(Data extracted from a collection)
=== Section Start ===

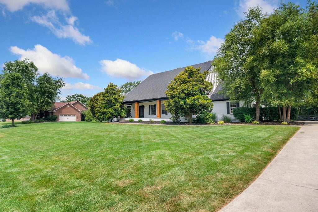 Set on one of the most scenic lots in Jessamine County, this impeccably maintained 5-bedroom, 3-bath home blends location, comfort, and nature's beauty. A welcoming front porch framed by mature trees invites you inside, where you'll find an expansive living room, dining room, and eat-in kitchen. This home showcases quality craftsmanship with beautiful hardwood floors, quartz countertops, and a convenient main-level primary suite that opens directly to the back patio with hot tub. An additional guest bedroom and full bath are also located on the first floor. A three-car garage and multiple attic accesses provide ample storage and convenience. The second level features three spacious bedrooms and a Jack-and-Jill bath. The fenced backyard boasts a fire pit, lush landscaping, and private steps down to Hickman Creek—a peaceful spot for nature watching, occasional wading, or even kayaking. Enjoy coffee on the patio, evenings stargazing from the hot tub, and relaxing weekends outdoors. Located 1 mi from the new 27 Bypass, 1.5 mi from the future Parks & Rec Center, & minutes to shops & dining-this property is in a class of its own!
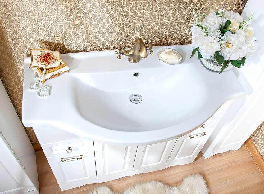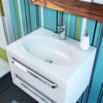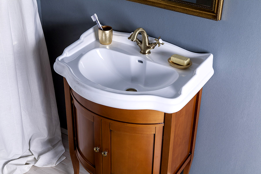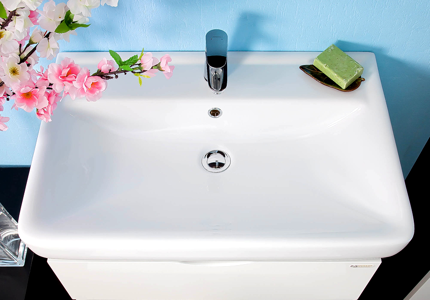 2. Aquaton MILAN 80 ผลิตภัณฑ์มีความโดดเด่นด้วยดีไซน์ดั้งเดิมโดดเด่นด้วยเส้นเรียบก๊อกน้ำด้านข้างและรูสำหรับป้องกันน้ำล้น ทำจากหินอ่อนที่สร้างขึ้นใหม่ เหมาะสำหรับติดตั้งบนเคาน์เตอร์
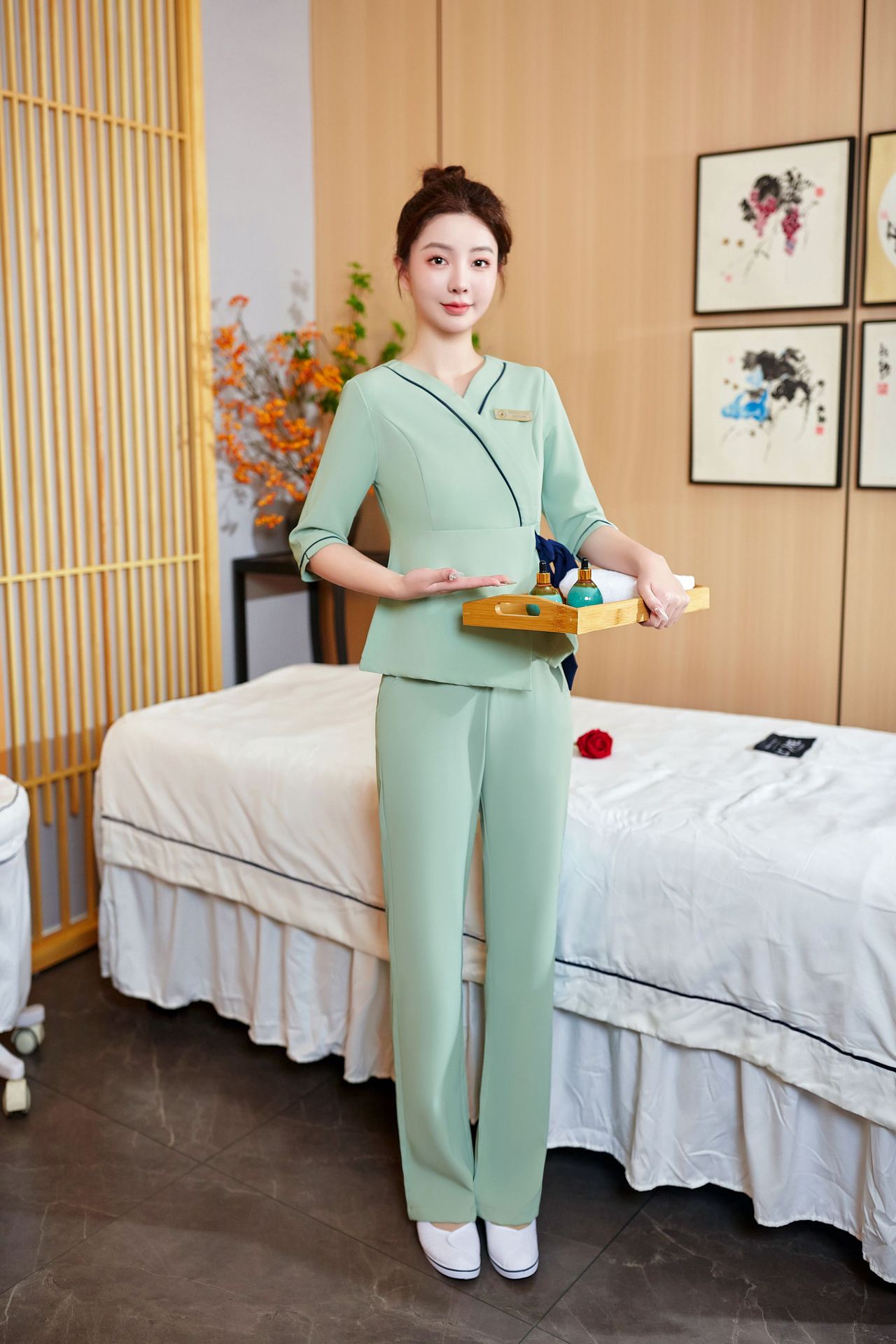 Новая рабочая одежда, женские весенне-осенние брюки для парикмахеров, брюки, Модная темперамент, зал здоровья, баня для ног, одежда для техников, рабочая одежда
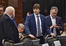 Руководитель Федеральной службы России по надзору в сфере образования и науки Сергей Кравцов (в центре) перед началом общее собрание членов Российского исторического общества (РИО). Заседание прошло в Фундаментальной библиотеке Московского государственного университета (МГУ) имени М.В.Ломоносова.
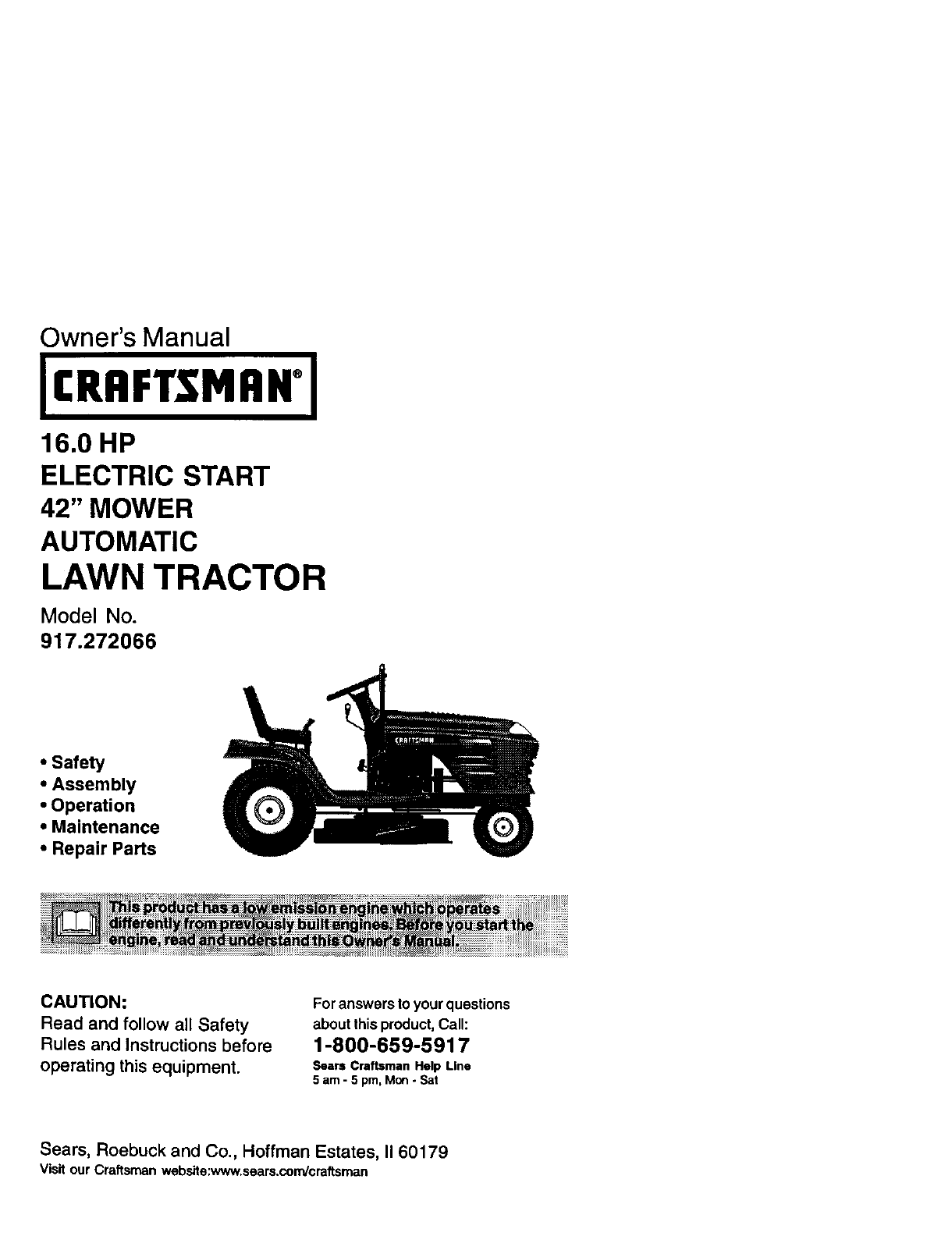 User Manual: Craftsman 917272066 917272066 CRAFTSMAN LAWN TRACTOR - Manuals and Guides View the owners manual for your CRAFTSMAN LAWN TRACTOR #917272066. Home:Lawn & Garden Parts:Craftsman Parts:Craftsman LAWN TRACTOR Manual

=== Section End ===

### Task goal
Write out the lines that run from the line containing "Руководитель Федеральной службы" to the end of the entries, inclusive, exactly as written. Skip every picture.

### Task result
 Руководитель Федеральной службы России по надзору в сфере образования и науки Сергей Кравцов (в центре) перед началом общее собрание членов Российского исторического общества (РИО). Заседание прошло в Фундаментальной библиотеке Московского государственного университета (МГУ) имени М.В.Ломоносова.
 User Manual: Craftsman 917272066 917272066 CRAFTSMAN LAWN TRACTOR - Manuals and Guides View the owners manual for your CRAFTSMAN LAWN TRACTOR #917272066. Home:Lawn & Garden Parts:Craftsman Parts:Craftsman LAWN TRACTOR Manual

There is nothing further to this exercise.